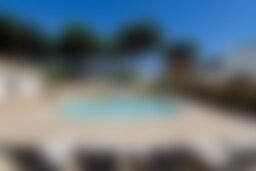 Der Außenbereich lädt mit einem gepflegten Garten, Rasenflächen und Bäumen zum Entspannen ein. Der private Pool (8 × 4 Meter) bildet das Herzstück des Gartens. Mehrere überdachte Terrassen, ein Grillbereich, eine Außendusche sowie gemütliche Sitz- und Essbereiche im Freien schaffen ideale Bedingungen für entspannte Urlaubstage im Freien. Auf dem eingezäunten Grundstück stehen zudem drei private Parkplätze zur Verfügung.
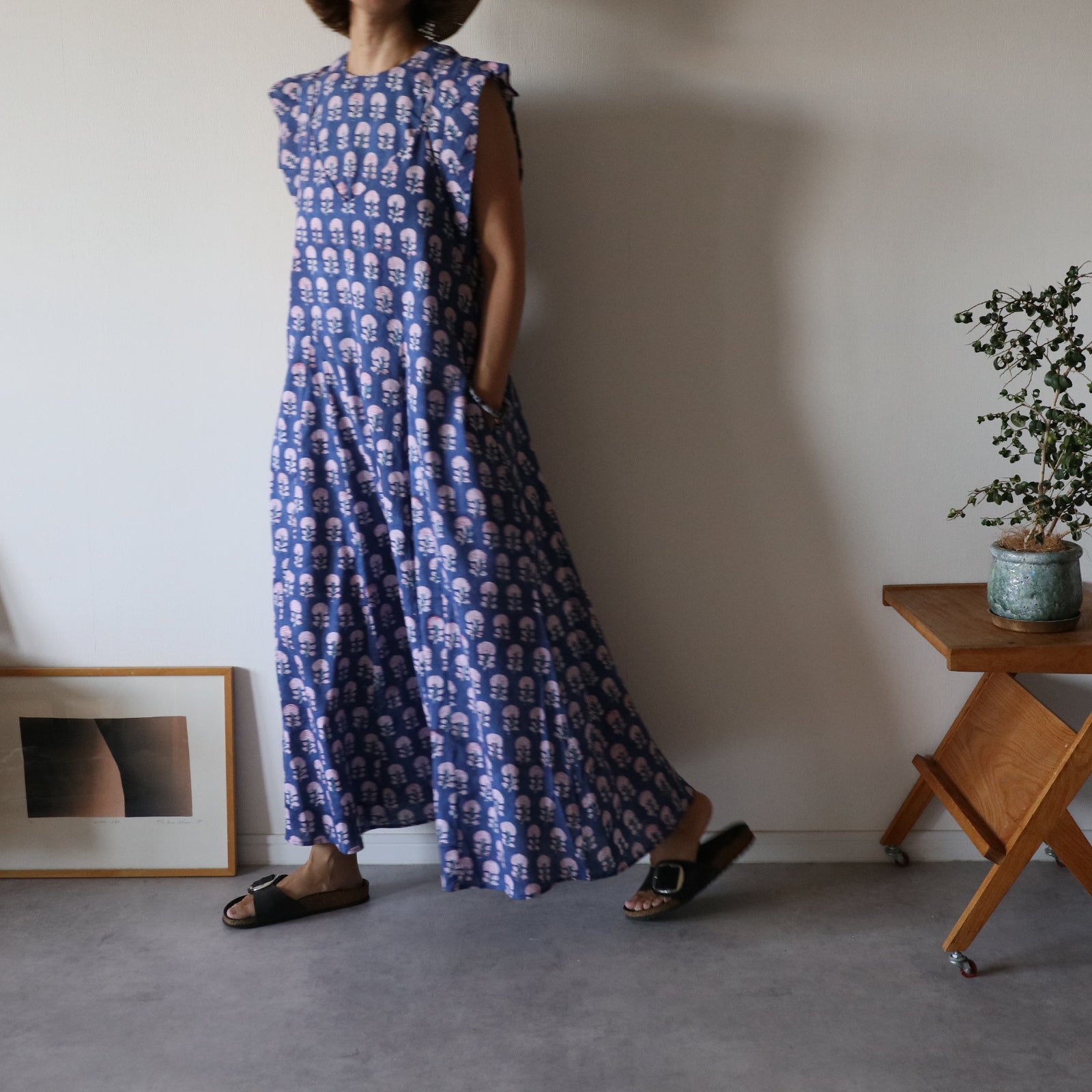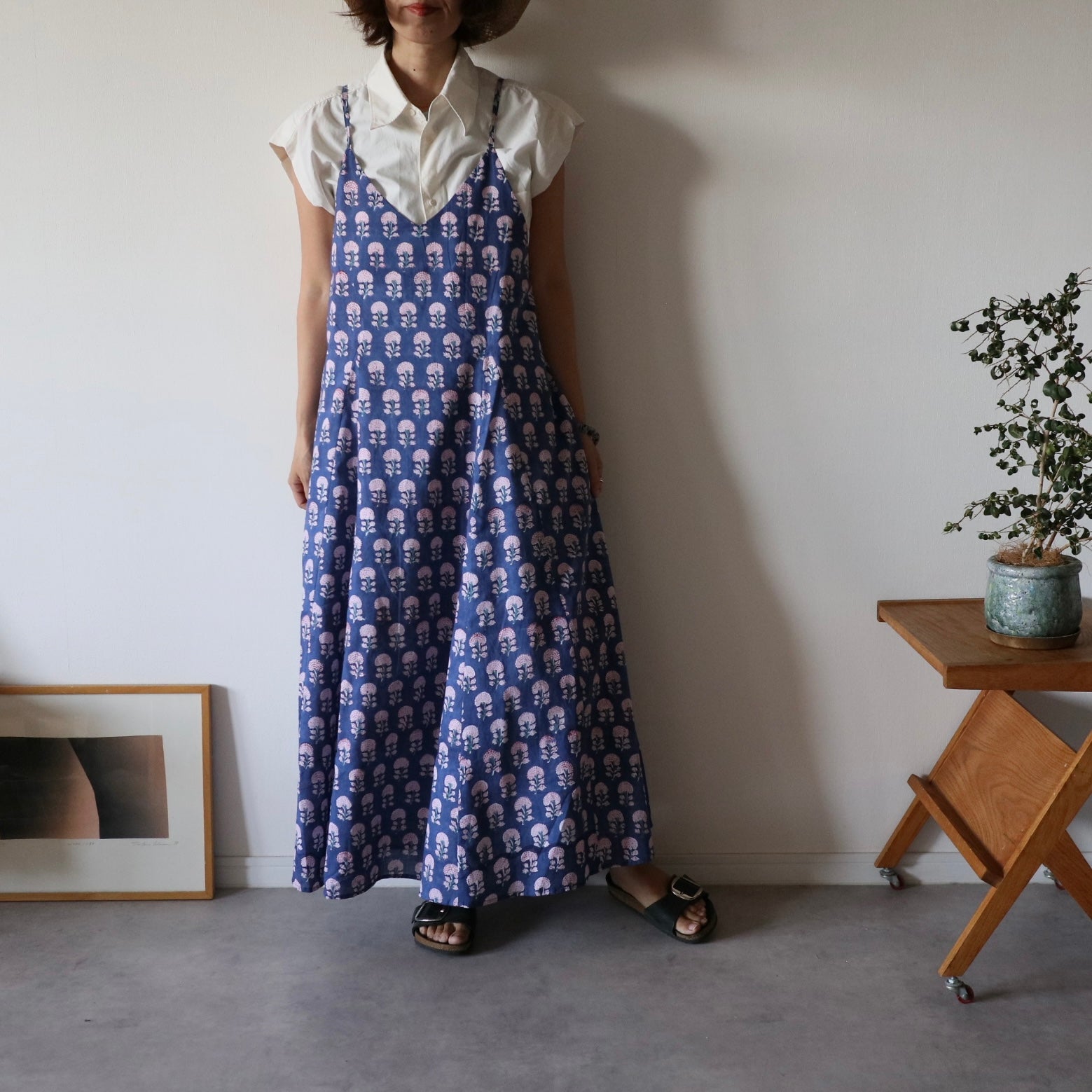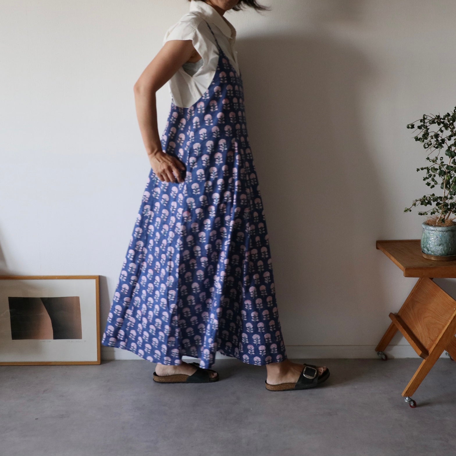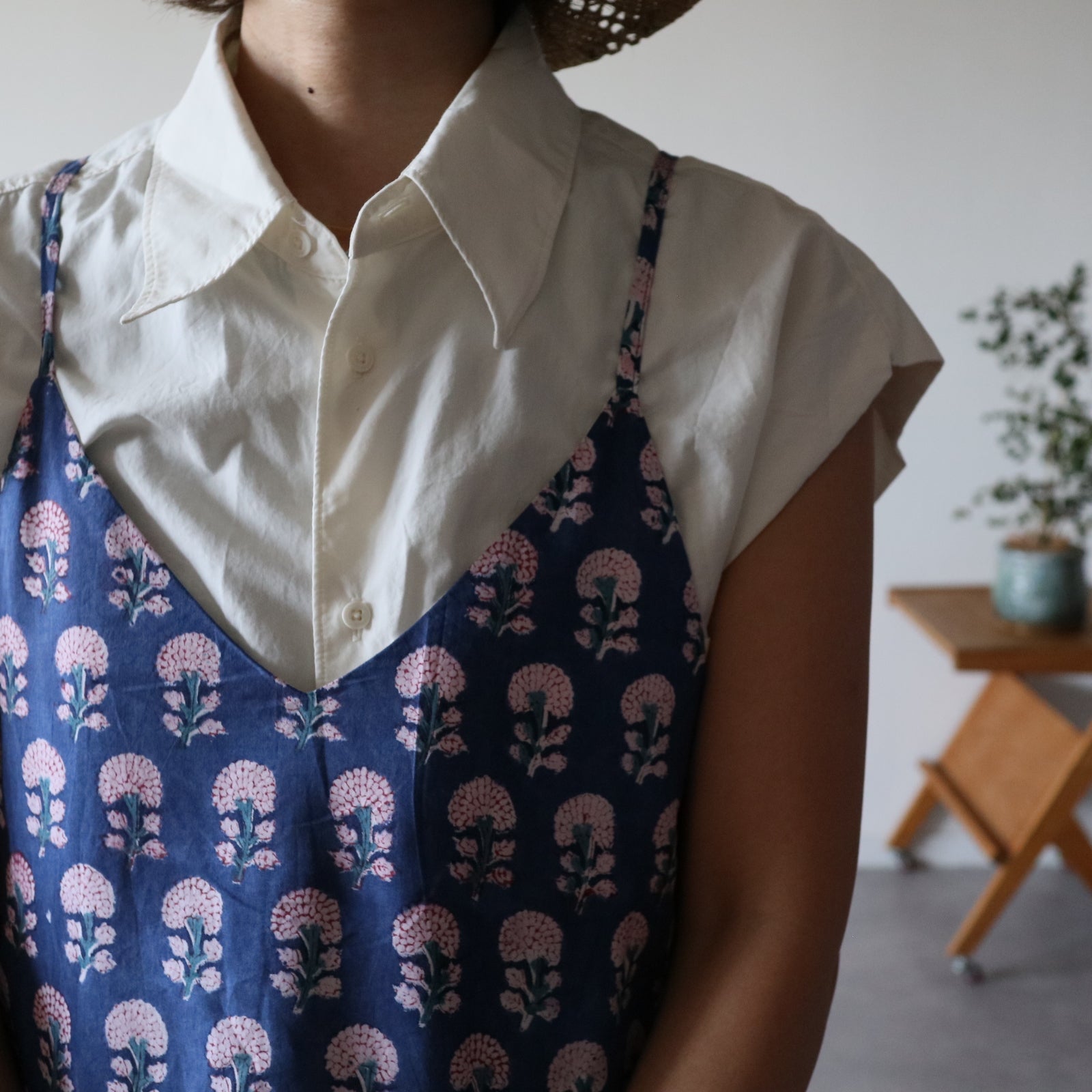 繊細なインドのブロックプリントで仕立てた、心地よさと華やかさを両立するキャミソールワンピース。上半身スッキリ、スカートは広がり過ぎないフレアタイプ。
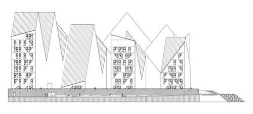 事实上,将最初围护的街区改成一座座小山,对于将来该地块或临近的住户来说,都是一种改善。第二排地块透过尖顶体块和锯齿状边缘获得了充分的海岸风景。这样当地政府也相信选择该方案将会带来更好的居住条件。[1]

WHAT YOU NEED TO DO »
Could the material above be given again exactly, pictures excluded?

RESULT OF THIS TASK »
 Der Außenbereich lädt mit einem gepflegten Garten, Rasenflächen und Bäumen zum Entspannen ein. Der private Pool (8 × 4 Meter) bildet das Herzstück des Gartens. Mehrere überdachte Terrassen, ein Grillbereich, eine Außendusche sowie gemütliche Sitz- und Essbereiche im Freien schaffen ideale Bedingungen für entspannte Urlaubstage im Freien. Auf dem eingezäunten Grundstück stehen zudem drei private Parkplätze zur Verfügung.
 繊細なインドのブロックプリントで仕立てた、心地よさと華やかさを両立するキャミソールワンピース。上半身スッキリ、スカートは広がり過ぎないフレアタイプ。
 事实上,将最初围护的街区改成一座座小山,对于将来该地块或临近的住户来说,都是一种改善。第二排地块透过尖顶体块和锯齿状边缘获得了充分的海岸风景。这样当地政府也相信选择该方案将会带来更好的居住条件。[1]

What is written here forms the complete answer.